Print nothing but the lines below starting at the line that holds "Martedì 23 novembre" and ending at the line that holds "Edytor tapety: Granatowa", including both, each exactly as written.

- Input material:

________________________

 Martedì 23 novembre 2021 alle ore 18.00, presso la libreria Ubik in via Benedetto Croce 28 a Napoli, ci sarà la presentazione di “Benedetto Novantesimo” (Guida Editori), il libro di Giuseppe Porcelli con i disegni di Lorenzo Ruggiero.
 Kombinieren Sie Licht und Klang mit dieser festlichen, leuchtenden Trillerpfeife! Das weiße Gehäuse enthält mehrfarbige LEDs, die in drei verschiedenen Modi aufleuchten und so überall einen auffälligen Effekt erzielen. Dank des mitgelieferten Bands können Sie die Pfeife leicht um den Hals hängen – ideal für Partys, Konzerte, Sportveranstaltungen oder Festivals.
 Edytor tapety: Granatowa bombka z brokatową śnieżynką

________________________

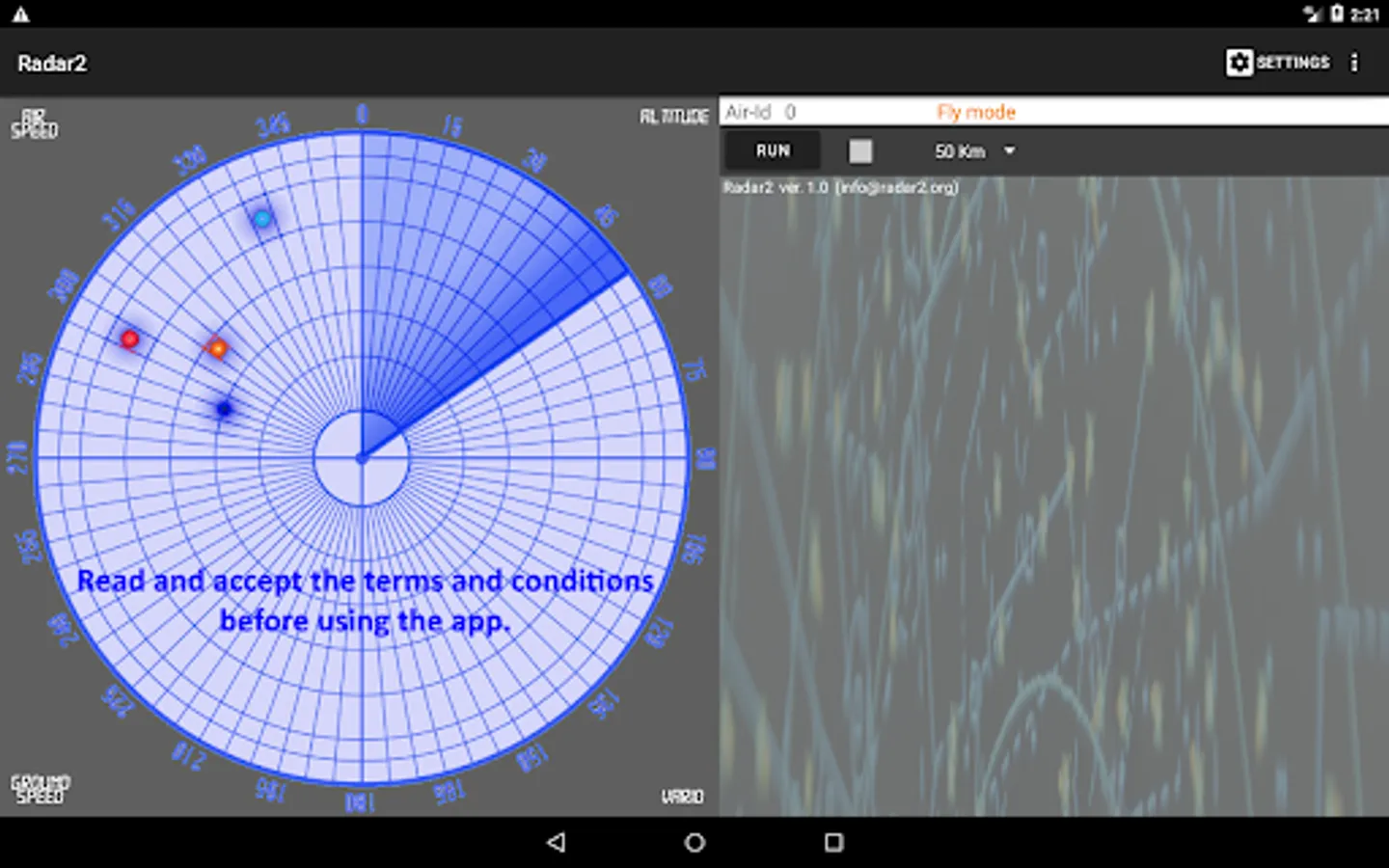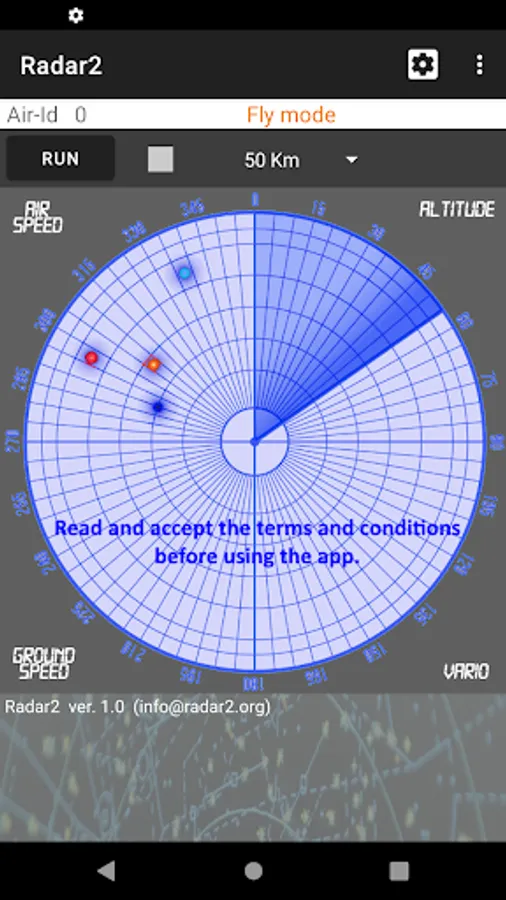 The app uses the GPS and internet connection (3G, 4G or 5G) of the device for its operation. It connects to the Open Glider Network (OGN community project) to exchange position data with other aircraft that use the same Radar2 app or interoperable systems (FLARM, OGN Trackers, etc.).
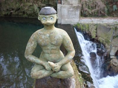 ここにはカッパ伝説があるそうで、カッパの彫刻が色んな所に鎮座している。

________________________

- Task solution:
 Martedì 23 novembre 2021 alle ore 18.00, presso la libreria Ubik in via Benedetto Croce 28 a Napoli, ci sarà la presentazione di “Benedetto Novantesimo” (Guida Editori), il libro di Giuseppe Porcelli con i disegni di Lorenzo Ruggiero.
 Kombinieren Sie Licht und Klang mit dieser festlichen, leuchtenden Trillerpfeife! Das weiße Gehäuse enthält mehrfarbige LEDs, die in drei verschiedenen Modi aufleuchten und so überall einen auffälligen Effekt erzielen. Dank des mitgelieferten Bands können Sie die Pfeife leicht um den Hals hängen – ideal für Partys, Konzerte, Sportveranstaltungen oder Festivals.
 Edytor tapety: Granatowa bombka z brokatową śnieżynką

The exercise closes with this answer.